The Lipid Kinase Phosphatidylinositol-4 Kinase III Alpha Regulates the Phosphorylation Status of Hepatitis C Virus NS5A

The lipid kinase phosphatidylinositol 4-kinase III alpha (PI4KIII alpha) is an essential host factor of hepatitis C virus (HCV) replication. PI4KIII alpha catalyzes the synthesis of phosphatidylinositol 4-phosphate (PI4P) accumulating in HCV replicating cells due to enzyme activation resulting from its interaction with nonstructural protein 5A (NS5A). This study describes the interaction between PI4KIII alpha and NS5A and its mechanistic role in viral RNA replication. We mapped the NS5A sequence involved in PI4KIII alpha interaction to the carboxyterminal end of domain 1 and identified a highly conserved PI4KIII alpha functional interaction site (PFIS) encompassing seven amino acids, which are essential for viral RNA replication.

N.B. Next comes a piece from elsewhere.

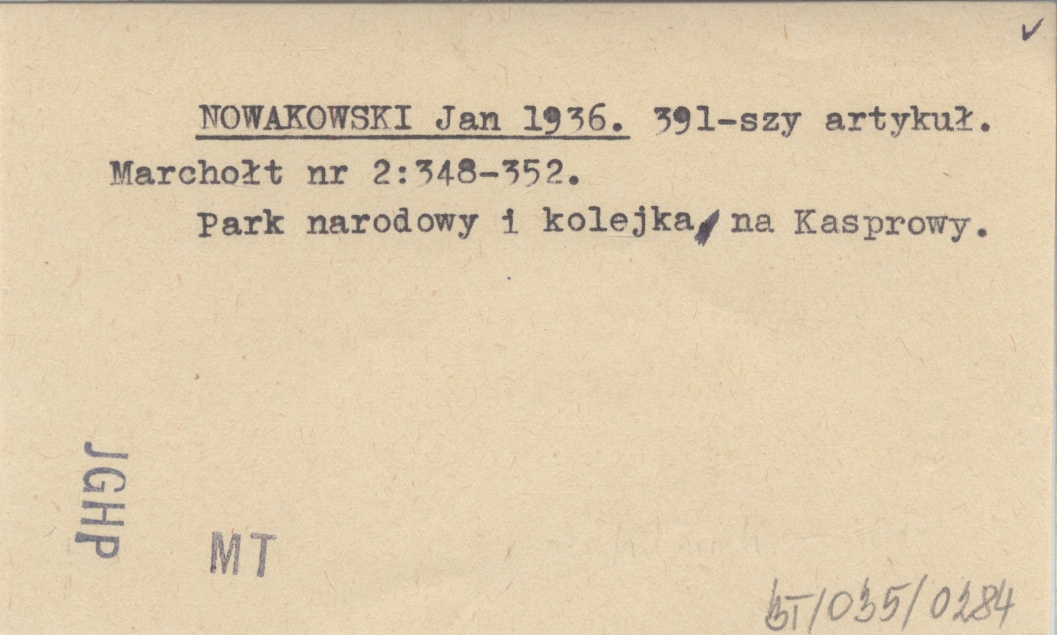 Marchołt, 2 (1935-1936), nr 2: 348-353. Park narodowy i kolejka na Kasprowy. Ochrona przyrody.

Mutations within this region were also impaired in NS5A-PI4KIII alpha binding, reduced PI4P levels and altered the morphology of viral replication sites, reminiscent to the phenotype observed by silencing of PI4KIII alpha. Interestingly, abrogation of RNA replication caused by mutations in the PFIS correlated with increased levels of hyperphosphorylated NS5A (p58), indicating that PI4KIII alpha affects the phosphorylation status of NS5A. RNAi-mediated knockdown of PI4KIII alpha or pharmacological ablation of kinase activity led to a relative increase of p58. In contrast, overexpression of enzymatically active PI4KIII alpha increased relative abundance of basally phosphorylated NS5A (p56). PI4KIII alpha therefore regulates the phosphorylation status of NS5A and viral RNA replication by favoring p56 or repressing p58 synthesis. Replication deficiencies of PFIS mutants in NS5A could not be rescued by increasing PI4P levels, but by supplying functional NS5A, supporting an essential role of PI4KIII alpha in HCV replication regulating NS5A phosphorylation, thereby modulating the morphology of viral replication sites. In conclusion, we demonstrate that PI4KIII alpha activity affects the NS5A phosphorylation status. Our results highlight the importance of PI4KIII alpha in the morphogenesis of viral replication sites and its regulation by facilitating p56 synthesis.